Oprah Winfrey delivered an oh-no moment on Friday, choking up as she told her audience that after a quarter-century on “the yellow brick road of blessings that led me to you,” she would shut down “The Oprah Winfrey Show” in September 2011.
It’s a measure of her outsize stature that the news buckled the media world: Ms. Winfrey isn’t leaving soon or going very far — by 2011 her new cable venture, OWN, the Oprah Winfrey Network, should be up and running.
But there was a sense of mourning as soon as the news came on Thursday. And it takes so long to list everything that Oprah Winfrey has done (the talk show, the book club, the Oscar nomination, the magazine, the philanthropy, the Obama campaign, those road trips with Gayle) that it is sometimes difficult to keep track of what she hasn’t done.

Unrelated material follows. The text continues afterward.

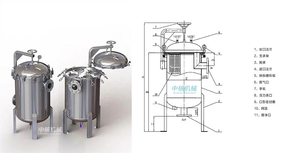 袋式過濾器是一種結構新穎、體積小、操作簡便靈活、節(jié)能、密閉工作的多用途過濾設備。袋式過濾器是一種壓力式過濾裝置,主要由過濾筒體、過濾筒蓋、快開機構、不銹鋼濾籃等部件組成。過濾機內部由金屬網(wǎng)籃支撐濾袋,液體由過濾器外殼的旁側入口流進濾袋,經(jīng)濾袋過濾后從出口流出,雜質被攔截在濾袋中。該機更換濾袋十分方便,過濾基本無物料消耗。

This isn’t the first time Ms. Winfrey has closed a venture while it was still thriving. She became a star and a billionaire media tycoon by saying yes to opportunity, but part of her talent lies in her willingness to say no.
Ms. Winfrey told her audience on Friday that she felt it in her “bones” and in her “spirit” that she should pull the plug on her syndicated talk show. Or, as she put it, “This show has been my life, and I love it enough to know when it’s time to say goodbye.”
It’s also possible she knew from experience that running a cable network is not a part-time job. She championed and invested in Oxygen, a high-minded cable network for women that offered documentaries, inspirational talk and soothing yoga. That didn’t quite pan out.
Ms. Winfrey went on to create O, the Oprah Magazine with Hearst. In the meantime Oxygen, which was bought by NBC Universal in 2007, found its way on the low road with shows like “Tori &Dean” and “Dance Your Ass Off.”
Ms. Winfrey blends the mystical and the practical — she said she would leave at the end of her 25th season for the numerical vibe. (“It’s the perfect number, the exact right time,” she said on Friday’s show.) It is also the exact time her contract with CBS, which owns the syndication rights to her show, expires.
She found success by seamlessly mixing philanthropy with crass materialism (car giveaways), lurid exploitation with good deeds.
After all that, Ms. Winfrey closed with a teary valedictory farewell and also promised viewers that over the next months her show would “knock your socks off.”
It was the ultimate Oprah moment. She announced that she was leaving and urged her fans to stay.